*EXCERPTED DATA:*
--- START ---

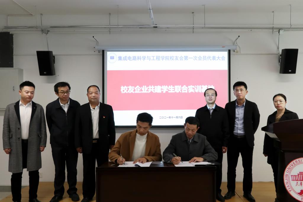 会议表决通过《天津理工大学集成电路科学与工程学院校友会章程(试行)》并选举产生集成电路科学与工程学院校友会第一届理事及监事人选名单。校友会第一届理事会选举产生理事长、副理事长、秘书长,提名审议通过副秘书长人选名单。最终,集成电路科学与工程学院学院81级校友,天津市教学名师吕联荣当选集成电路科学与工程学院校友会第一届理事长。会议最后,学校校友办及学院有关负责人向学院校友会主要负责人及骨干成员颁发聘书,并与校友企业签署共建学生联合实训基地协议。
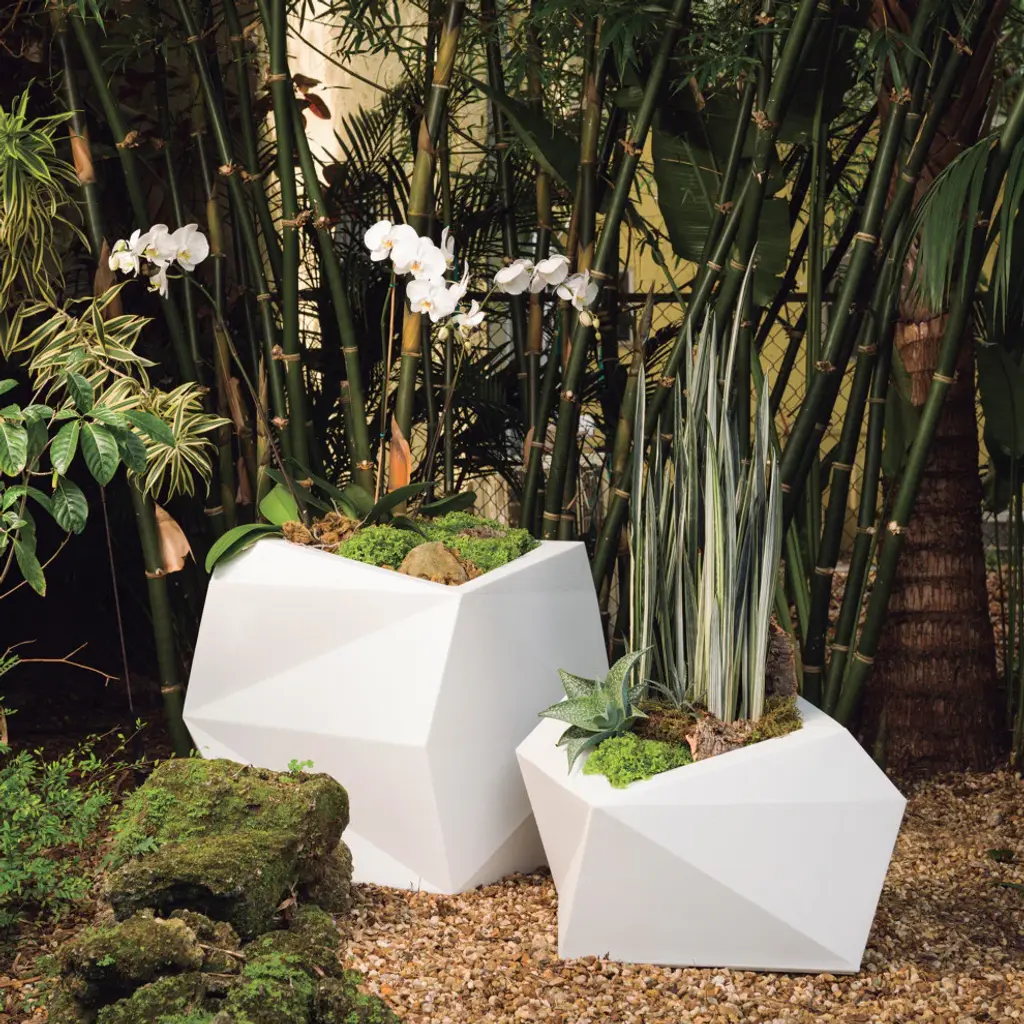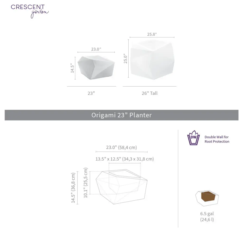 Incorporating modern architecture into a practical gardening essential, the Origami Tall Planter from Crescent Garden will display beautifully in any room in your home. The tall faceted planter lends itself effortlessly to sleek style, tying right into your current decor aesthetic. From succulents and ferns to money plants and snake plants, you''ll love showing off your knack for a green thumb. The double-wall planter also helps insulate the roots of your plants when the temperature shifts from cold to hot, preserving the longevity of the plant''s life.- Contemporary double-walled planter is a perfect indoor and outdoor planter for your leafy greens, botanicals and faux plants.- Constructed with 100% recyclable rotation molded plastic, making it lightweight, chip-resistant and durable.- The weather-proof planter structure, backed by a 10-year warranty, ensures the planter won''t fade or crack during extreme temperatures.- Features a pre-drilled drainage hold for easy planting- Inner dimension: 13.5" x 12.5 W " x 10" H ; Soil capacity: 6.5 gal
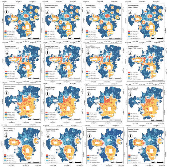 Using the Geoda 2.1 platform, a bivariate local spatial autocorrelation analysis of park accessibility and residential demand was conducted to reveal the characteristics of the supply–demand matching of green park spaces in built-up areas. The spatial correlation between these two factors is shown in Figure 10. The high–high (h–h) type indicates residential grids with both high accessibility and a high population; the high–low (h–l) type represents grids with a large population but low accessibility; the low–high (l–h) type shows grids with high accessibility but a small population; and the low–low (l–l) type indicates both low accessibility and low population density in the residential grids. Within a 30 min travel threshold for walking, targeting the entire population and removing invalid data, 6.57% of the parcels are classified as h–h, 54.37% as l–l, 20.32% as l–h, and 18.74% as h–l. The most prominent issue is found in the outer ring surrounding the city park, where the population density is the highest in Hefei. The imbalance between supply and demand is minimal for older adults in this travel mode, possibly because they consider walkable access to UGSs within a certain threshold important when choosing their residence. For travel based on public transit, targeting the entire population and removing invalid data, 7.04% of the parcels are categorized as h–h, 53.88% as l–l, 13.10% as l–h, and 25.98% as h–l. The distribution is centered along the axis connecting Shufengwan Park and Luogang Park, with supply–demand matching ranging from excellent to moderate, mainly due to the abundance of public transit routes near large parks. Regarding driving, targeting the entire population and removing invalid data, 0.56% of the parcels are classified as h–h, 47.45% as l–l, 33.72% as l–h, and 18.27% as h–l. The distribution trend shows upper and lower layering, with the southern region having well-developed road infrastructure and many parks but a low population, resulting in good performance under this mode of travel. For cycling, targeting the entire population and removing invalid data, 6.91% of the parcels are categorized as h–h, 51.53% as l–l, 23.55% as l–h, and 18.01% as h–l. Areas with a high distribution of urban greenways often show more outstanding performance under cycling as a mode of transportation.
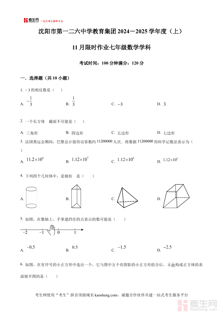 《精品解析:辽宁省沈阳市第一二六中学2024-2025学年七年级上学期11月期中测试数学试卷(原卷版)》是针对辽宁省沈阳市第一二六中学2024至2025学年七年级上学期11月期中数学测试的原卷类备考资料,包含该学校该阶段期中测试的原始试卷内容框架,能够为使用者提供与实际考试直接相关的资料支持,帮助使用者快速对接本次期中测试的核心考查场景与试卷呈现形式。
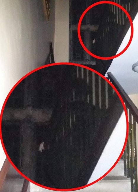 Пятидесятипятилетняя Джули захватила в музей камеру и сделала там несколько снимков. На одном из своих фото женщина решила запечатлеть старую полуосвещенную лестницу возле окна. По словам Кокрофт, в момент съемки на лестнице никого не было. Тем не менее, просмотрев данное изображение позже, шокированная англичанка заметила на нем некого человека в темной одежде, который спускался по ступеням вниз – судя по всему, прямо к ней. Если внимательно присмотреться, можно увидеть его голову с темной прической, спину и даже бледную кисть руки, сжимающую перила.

--- END ---
--- START ---

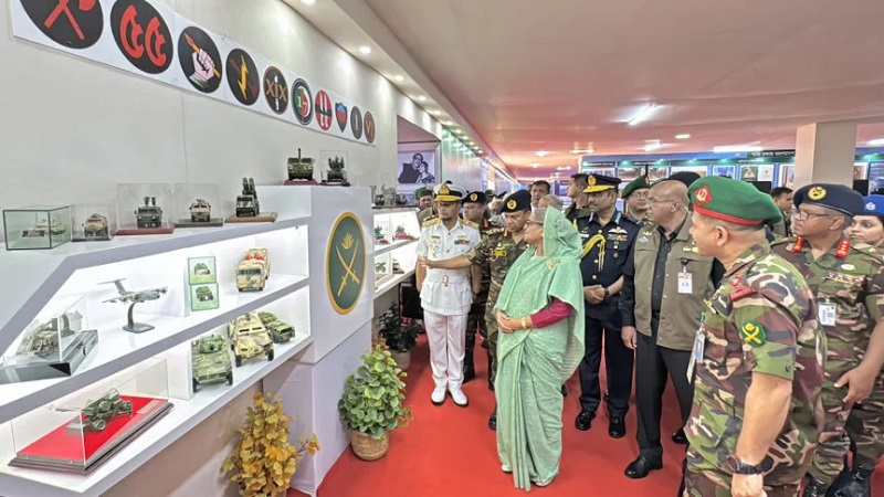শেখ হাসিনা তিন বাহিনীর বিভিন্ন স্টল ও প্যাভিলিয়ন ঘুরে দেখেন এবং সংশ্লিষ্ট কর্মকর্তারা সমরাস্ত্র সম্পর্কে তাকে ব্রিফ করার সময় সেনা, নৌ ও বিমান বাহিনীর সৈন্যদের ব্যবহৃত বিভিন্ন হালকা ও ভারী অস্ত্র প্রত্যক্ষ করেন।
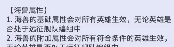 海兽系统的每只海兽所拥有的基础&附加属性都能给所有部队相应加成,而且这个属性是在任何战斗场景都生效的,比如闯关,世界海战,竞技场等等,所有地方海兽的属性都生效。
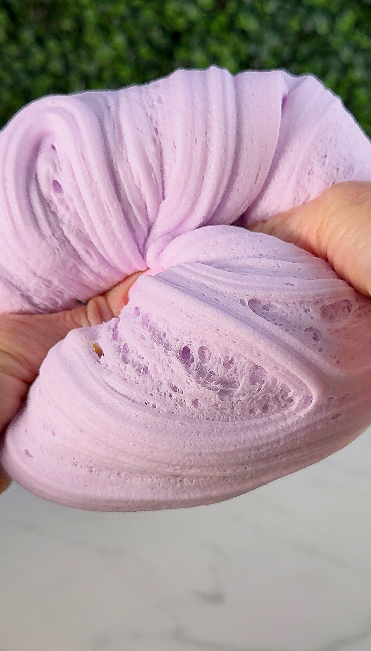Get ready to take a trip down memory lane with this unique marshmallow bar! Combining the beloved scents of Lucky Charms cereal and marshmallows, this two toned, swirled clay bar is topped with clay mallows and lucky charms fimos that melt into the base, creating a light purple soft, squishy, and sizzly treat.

--- END ---
--- START ---

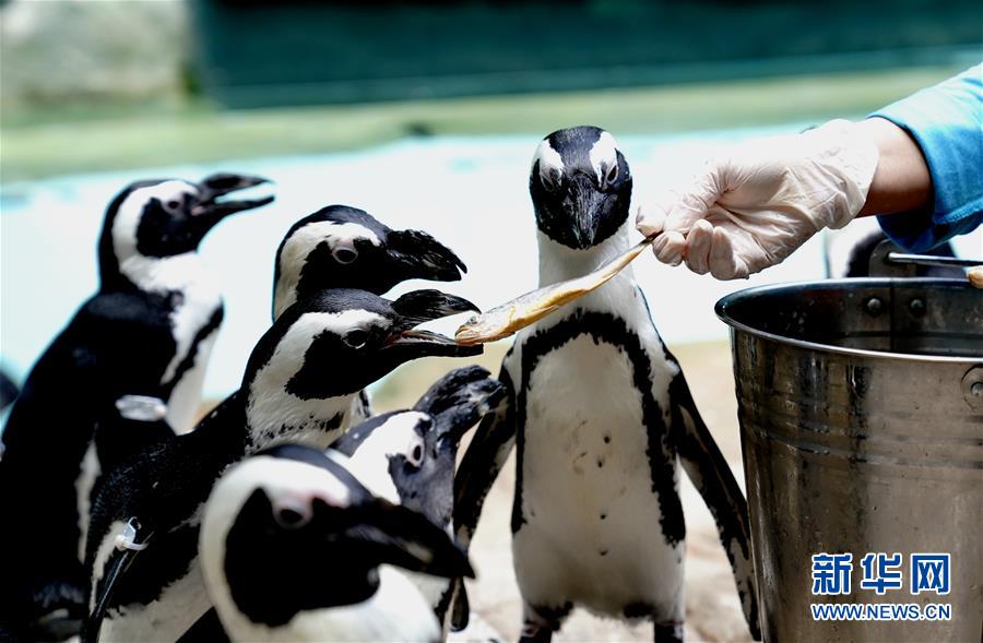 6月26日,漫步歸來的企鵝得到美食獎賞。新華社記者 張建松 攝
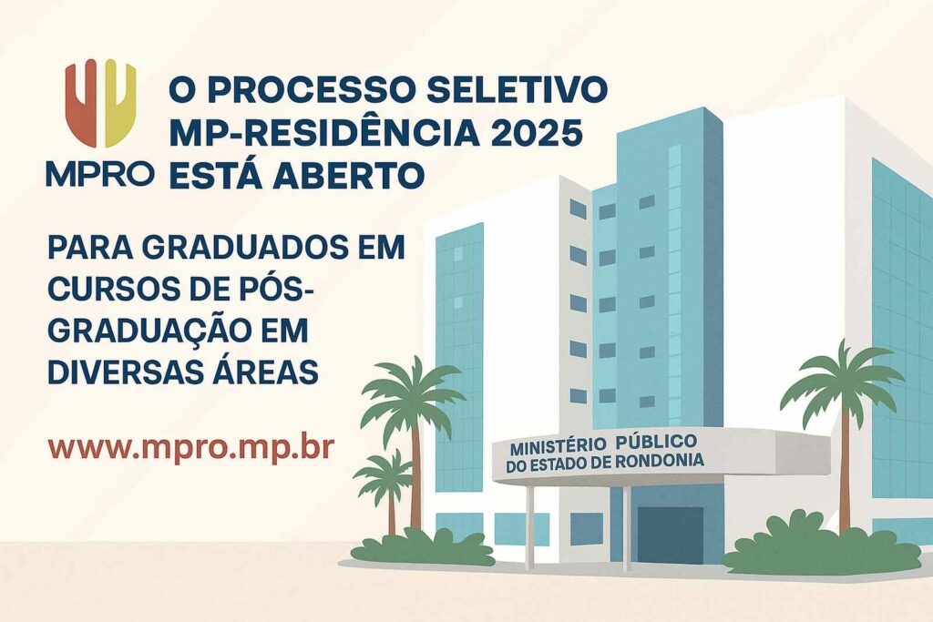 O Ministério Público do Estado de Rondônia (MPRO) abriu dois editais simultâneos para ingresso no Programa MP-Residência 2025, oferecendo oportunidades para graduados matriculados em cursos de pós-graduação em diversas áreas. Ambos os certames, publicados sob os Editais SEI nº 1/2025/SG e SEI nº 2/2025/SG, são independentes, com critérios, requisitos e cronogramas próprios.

--- END ---

Retype the lines above exactly as they appear, from the line containing "海兽系统的每只海兽所拥有的基" through the line containing "Get ready to", and leave out any pictures.

 海兽系统的每只海兽所拥有的基础&附加属性都能给所有部队相应加成,而且这个属性是在任何战斗场景都生效的,比如闯关,世界海战,竞技场等等,所有地方海兽的属性都生效。
Get ready to take a trip down memory lane with this unique marshmallow bar! Combining the beloved scents of Lucky Charms cereal and marshmallows, this two toned, swirled clay bar is topped with clay mallows and lucky charms fimos that melt into the base, creating a light purple soft, squishy, and sizzly treat.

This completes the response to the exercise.